Caporedattore Centrale Responsabile TGR RAI della Campania.
Giornalista professionista dal 1988

Ama la famiglia, i libri, i dischi (rock, pop, jazz e new age), i film (su tutti "Blade runner"), Capri e il calcio

Filosofo (o giudice?) mancato

Tifa per Napoli e per il Napoli

Category: Articoli

❤️ Un anno senza Giovanni e gli altri angeli di Torre del Greco


❤️ Un anno senza Giovanni e gli altri angeli di Torre del Greco

Giovanni Battiloro

È trascorso un anno senza Giovanni. Un dolore indicibile, quello sofferto dal suo papà Roberto Battiloro, nostro amatissimo amico e collega, dalla sua mamma Carmela, dalla sorella Laura. Una ferita lancinante anche per l’intera grande famiglia della Rai di Napoli. Giovanni era un figlio, un fratellino, un nipotino per tutti noi che in redazione avevamo imparato ad amarlo, a volte incontrandolo di persona e spesso attraverso i racconti del suo papà, tanto orgoglioso di lui e dei suoi progressi. Giovanni era un ragazzo splendido e solare, ma anche un reporter di razza, un bravissimo giornalista per immagini, un professionista con la P maiuscola, guidato dalla passione per il lavoro e per il suo territorio, che amava raccontare con la speranza di un futuro migliore. Quello stesso futuro che è stato improvvisamente negato a lui e ai suoi amici del cuore, Matteo Bertonati, Gerardo Esposito e Antonio Stanzione, che hanno avuto un solo torto: quello di trovarsi su quel maledetto Ponte Morandi nel momento sbagliato. Erano le 11:36 del 14 agosto.
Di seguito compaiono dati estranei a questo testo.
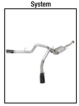
P/N: 49-43070-B (Blk Tip) 49-43070-P (Pol Tip)
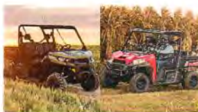
2016 Can-Am Defender vs Polaris Ranger XP 900
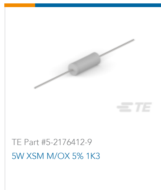
TE Part #5-2176412-9 5W XSM M/OX 5% 1K3
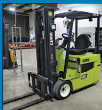
Clark TM20 Forklift
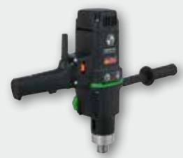
EHB 32/2.2 R R/L 1800 W; 60-140/200-470 rpm Ø 32 mm in steel
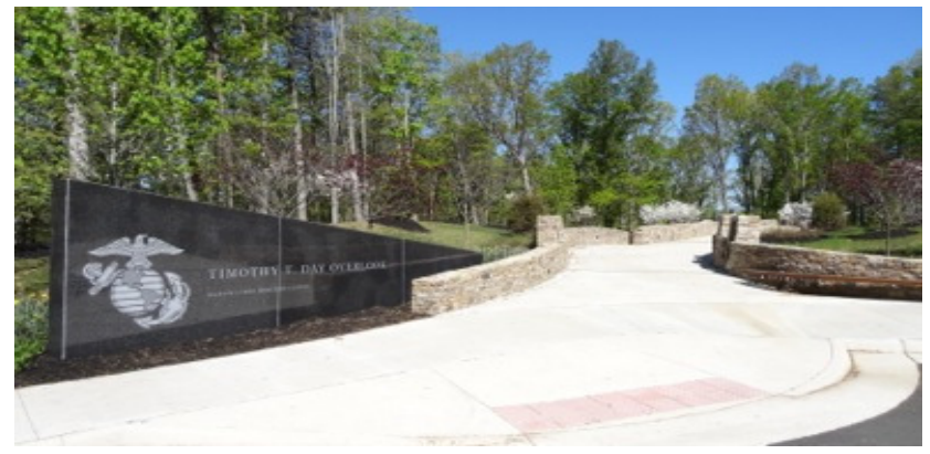
The Timothy T. Day, Overlook in Semper Fidelis Memorial Park, adjacent to the museum. The overlook gives visitors a scenic vista along the park's memorial lined paths.

Trecentosessantacinque giorni dopo, dalla redazione del Tgr Campania si alza più che mai forte la richiesta di giustizia e verità per Giovanni, per gli altri giovani angeli di Torre del Greco e per tutte le vittime del crollo di Genova. Roberto carissimo, ti vogliamo bene e il tuo Giovanni sarà per sempre nei nostri cuori. Non lo dimenticheremo mai e vi saremo sempre vicini con tutto l’amore del mondo.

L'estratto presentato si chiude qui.